**Task to complete**
With pictures excluded, output exactly the lines that run from the first line of the data below through the line containing "Gemütliche 2-Zimmer-Ferienwohnung (ca.".

**Raw data**
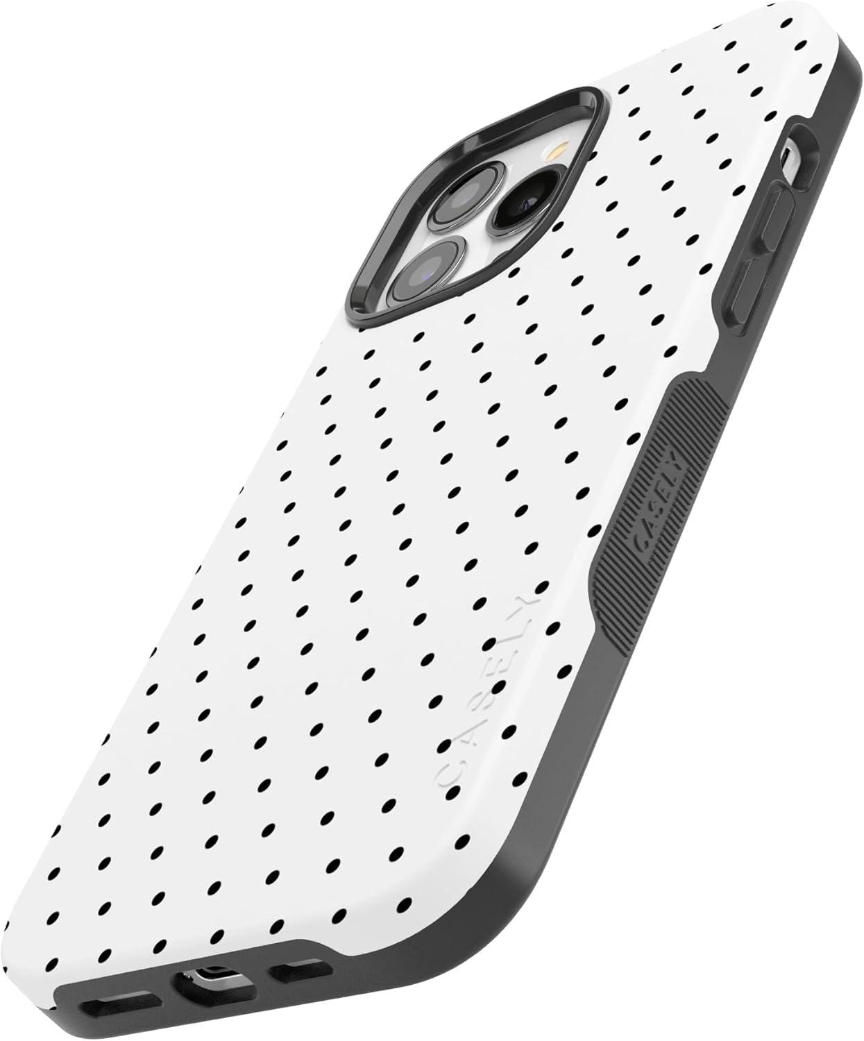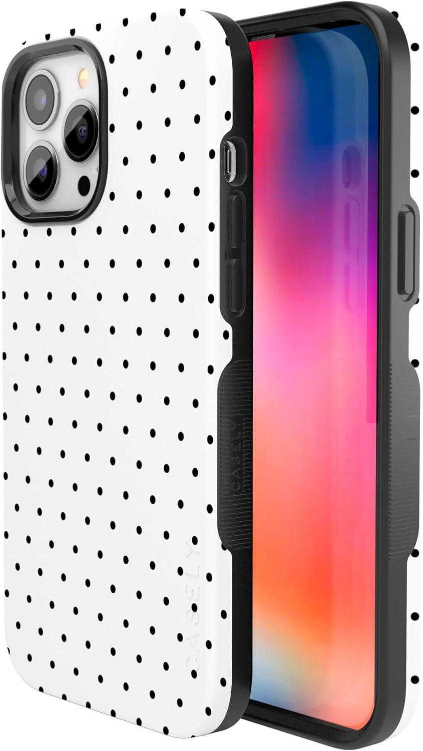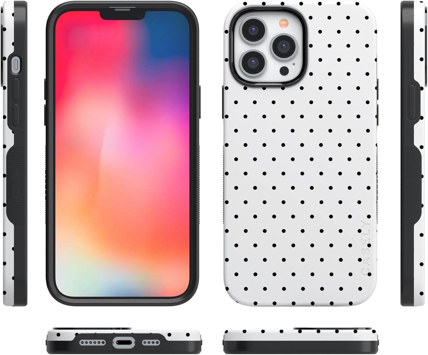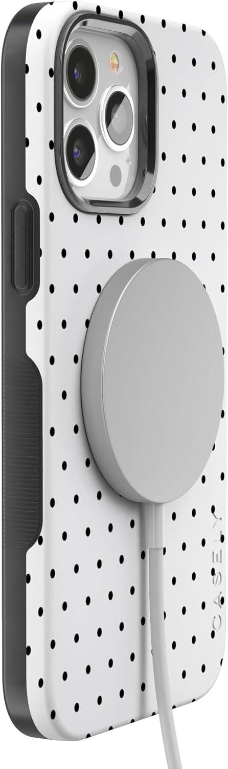 Casely iPhone 13 Pro Max Case | Field of Flowers | Pastel Floral | Compatible with MagSafe | Bold Protective Design(On the Dot | White Polka Dot)
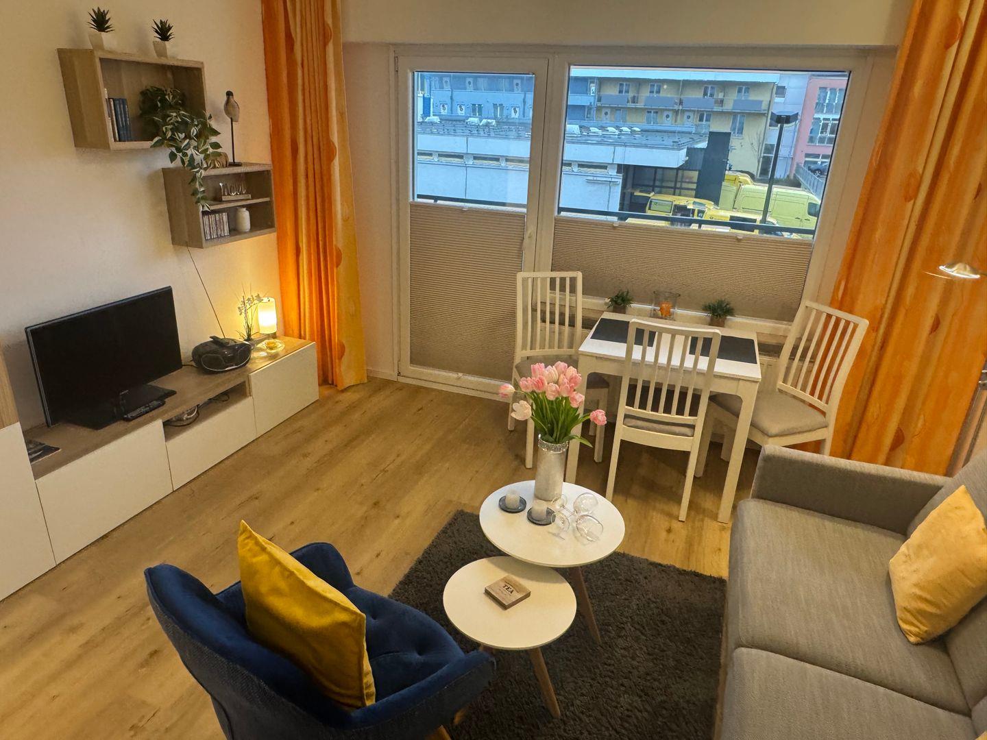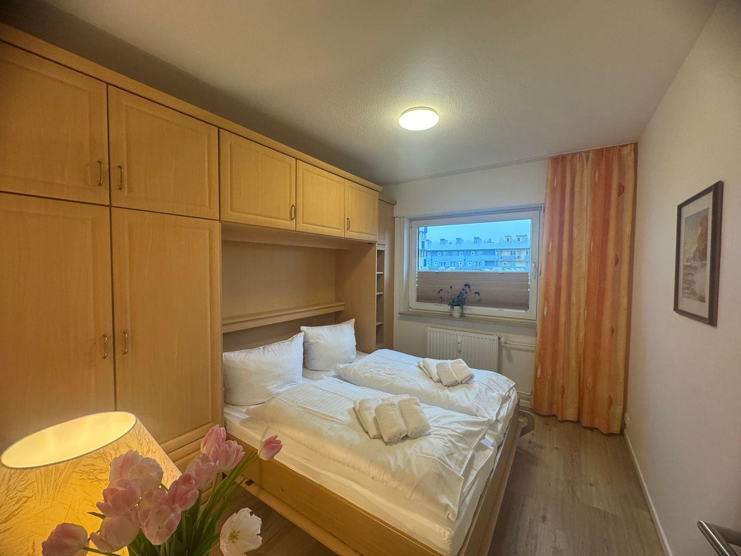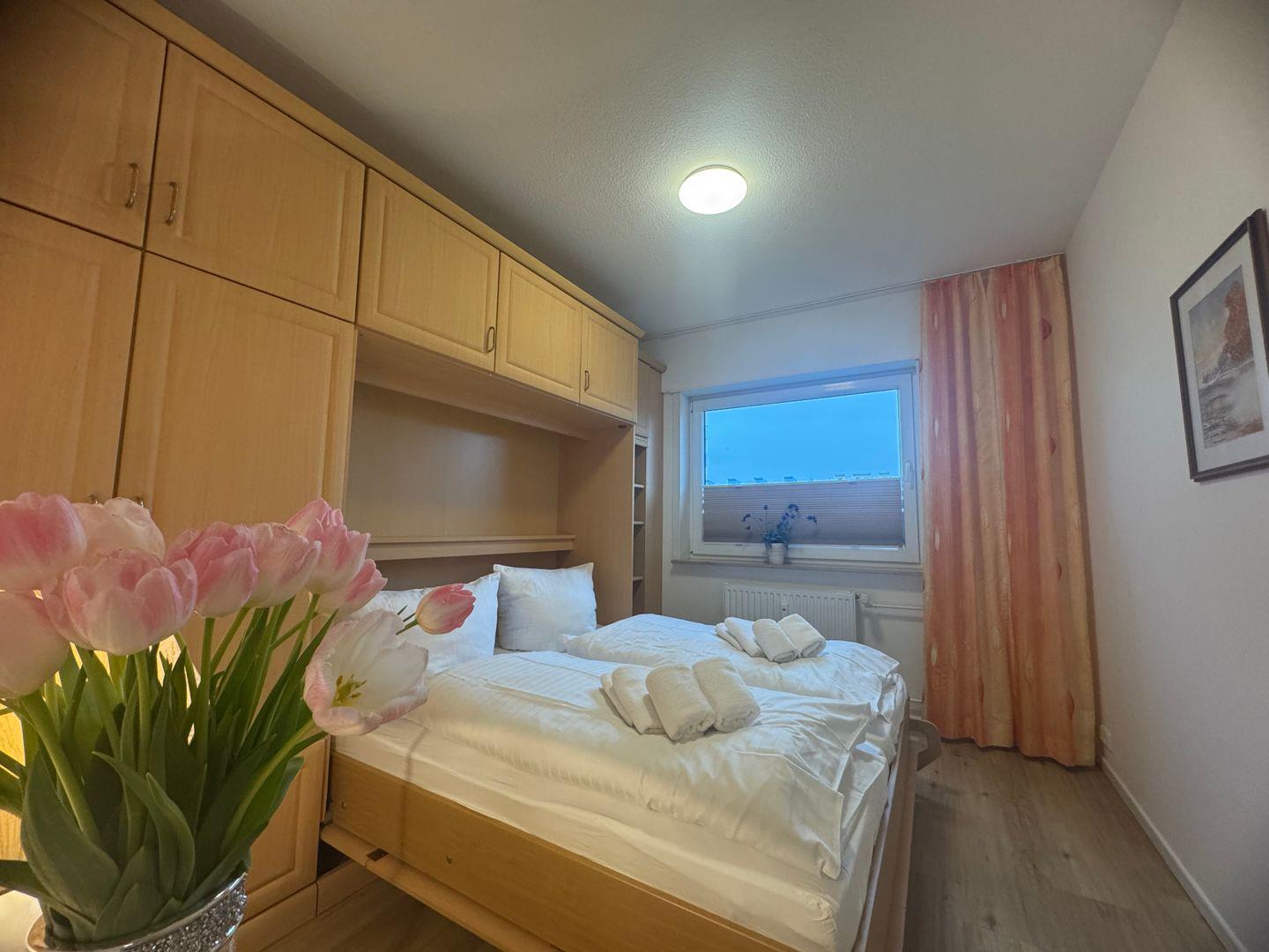 Gemütliche 2-Zimmer-Ferienwohnung (ca. 40 m²) in Westerland für bis zu 4 Personen. Mit Schlafzimmer, Wohnzimmer (Schlafcouch & Schrankbett), moderner Küche und Duschbad. Kostenfreie Nutzung des Schwimmbads, Sauna gegen Gebühr. Strand und Zentrum fußläufig erreichbar. Haustiere willkommen, WLAN inklusive.
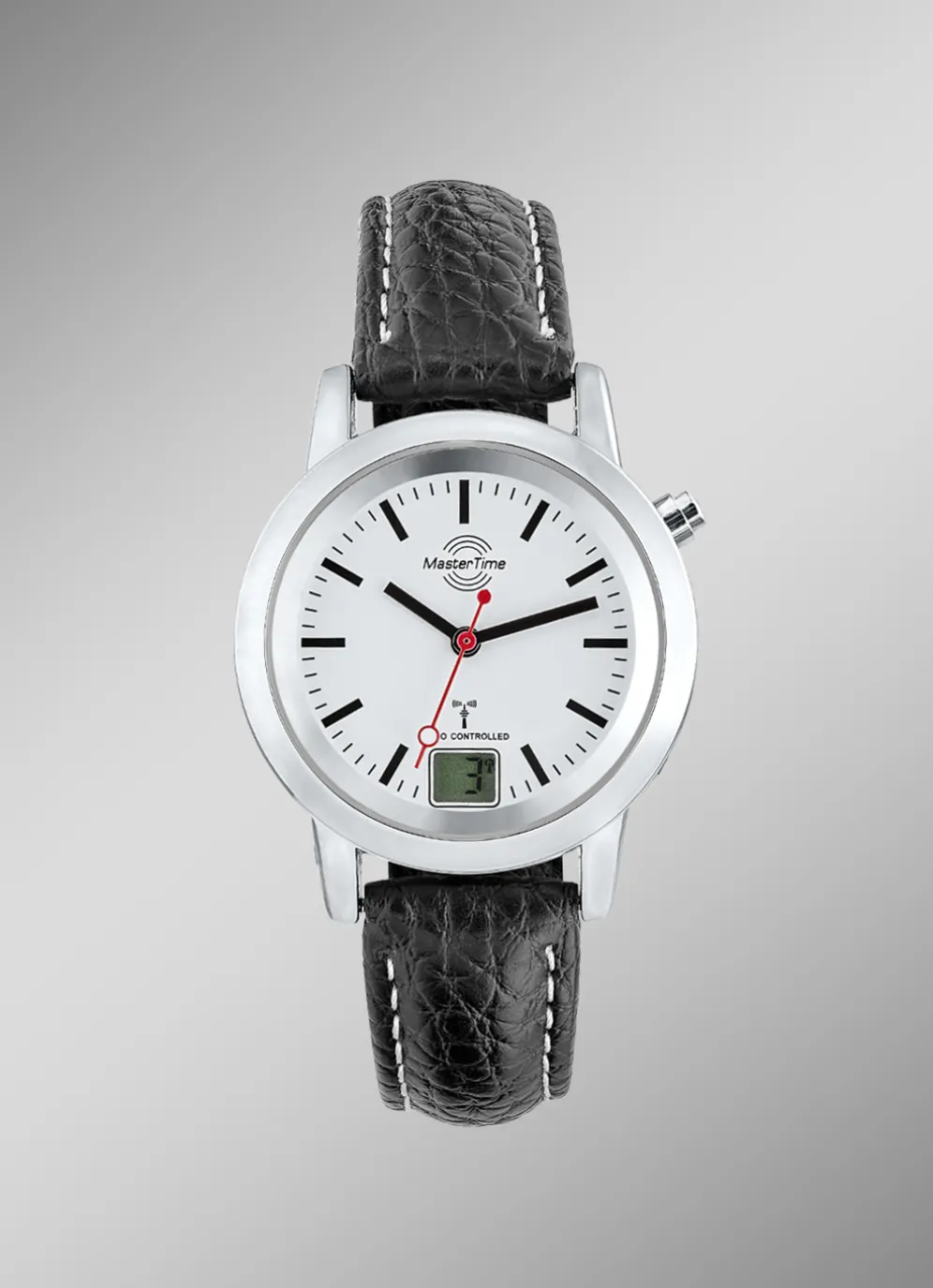 Zeitlose Funk-Partneruhr der Marke Master Time in der Ausführung Damenuhr, mit Gehäuse aus Metall sowie mit einem Uhrenband aus Leder.

**Your response**
 Casely iPhone 13 Pro Max Case | Field of Flowers | Pastel Floral | Compatible with MagSafe | Bold Protective Design(On the Dot | White Polka Dot)
 Gemütliche 2-Zimmer-Ferienwohnung (ca. 40 m²) in Westerland für bis zu 4 Personen. Mit Schlafzimmer, Wohnzimmer (Schlafcouch & Schrankbett), moderner Küche und Duschbad. Kostenfreie Nutzung des Schwimmbads, Sauna gegen Gebühr. Strand und Zentrum fußläufig erreichbar. Haustiere willkommen, WLAN inklusive.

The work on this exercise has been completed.